Охота на меня продолжалась: спустя неделю, в мои руки попало «Песочное время» — потрепанная стараниями предыдущих читателей книга в сером переплете (та самая, которую журнал «Матадор» объявил одной из лучших публикаций 1998 года). Кстати, открывается сборник рассказом «Отец», получившим третье место на конкурсе «Арт-Тенета-97″ в номинации «рассказы» (черт возьми, экая «роковая связь судеб» у нас с Постновым: у меня, бедолаги, в этих приснопамятных «Арт-Тенетах-97″ тоже третье место, причем почему-то — до сих пор искренне не понимаю, почему! — в категории «юмор»). Примерно в то же время в «Словесности» появился отрывок из нового романа Олега Постнова «Страх», а мне добрая судьба в лице Жени Горного и Славы Курицына подарила весь текст целиком.

Я не знаю, можно ли назвать Олега Постнова «популярным сетевым автором». Поисковая система Rambler на запрос «Олег Постнов» выдает 140 уникальных адресов. Это «много»? Или «мало»? Или как? (Мне кажется, что немало, но какой из меня эксперт!) Зато я готов свидетельствовать, что именно вследствие победы Постнова на двух сетевых конкурсах «курс конкурса» в моем личном «рейтинге ценностей» резко подскочил на несколько десятков пунктов. Лабиринты сетевых архивов и библиотек больше не кажутся мне бесполезными скоплениями «конгломератов букв», вроде «Вавилонской Библиотеки» Борхеса: теперь я всегда настороже, поскольку наконец-то искренне слился с образом «искателя сокровищ», который с натужной улыбкой подвижника пытался примерить на себя в самом начале своей обозревательской деятельности.

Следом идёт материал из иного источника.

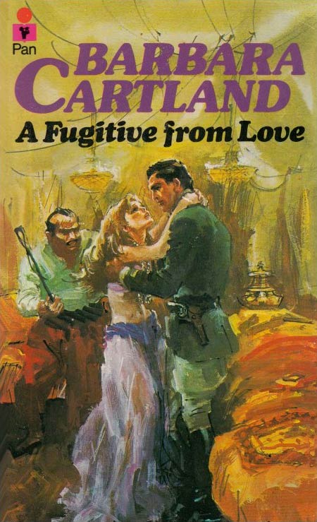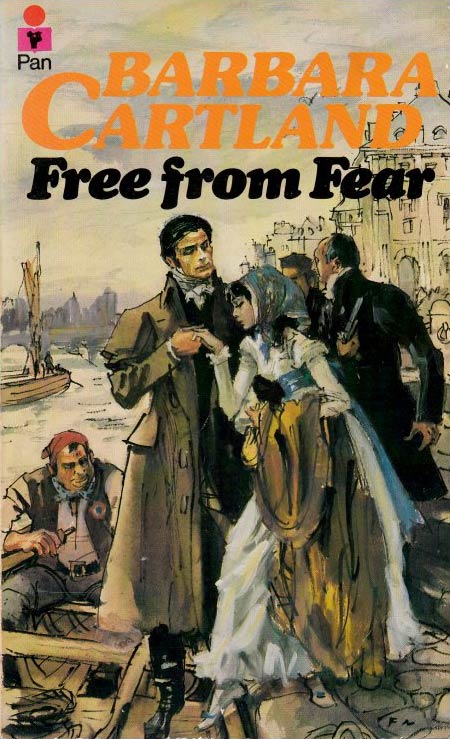 Cover illustrations for Barbara Cartland's novels 'A Fugitive From Love' and 'Free From Fear'.

Забавно, но факт: Олег Постнов, писатель, получивший широкую известность благодаря существованию сетевых литературных конкурсов и электронных библиотек, — человек, строго говоря, офф-лайновый. Когда я решил, что без интервью с ним моя жизнь будет неудавшейся шуткой, вместо номера его ICQ я получил номер его телефона. Впрочем, эти технологические недоразумения не имеют особого значения: «образ автора», стратегически выстроенный Постновым (эта тема будет затронута в нашем с ним диалоге) — явление настолько мощное и яркое, что объяснить его можно разве что прибегнув к «теории виртуальной личности» несравненной Мэри Шелли. Сегодня ночью я получил ни с чем не сравнимую возможность лукаво улыбнуться, читая рецензию Андрея Левкина на «Песочное время» (цитирую): «…у человека типа Постнова было мало шансов стать счастливым в физическом теле. Поэтому — он сочиняет истории и конструирует мир, в котором людям приятен или неприятен Фрейд; причем знают о нем все поголовно. Слова устанавливаются друг с другом, как благороднее и уютнее; их подбор и порядок довлеют фразе — текст не пишется, а складывается по мере накопления авторских фантазий». Признаюсь: еще неделю назад я бы, скорее всего, согласился с рецензентом. Но после разговора с «настоящим» Олегом Постновым я понял, что созданный его стараниями виртуальный «автор» сумел «принять огонь на себя». Трудолюбивый, холодный, рассудительный, но чутко прислушивающийся к негромкому шепоту непостижимого, Постнов, умудрившийся к своим тридцати шести годам заключить своего рода «договор о ненападении» с обыденностью, надежно спрятался в тени своего лучшего творения: той личности, которую уловленный в его сети читатель несомненно сочтет Автором…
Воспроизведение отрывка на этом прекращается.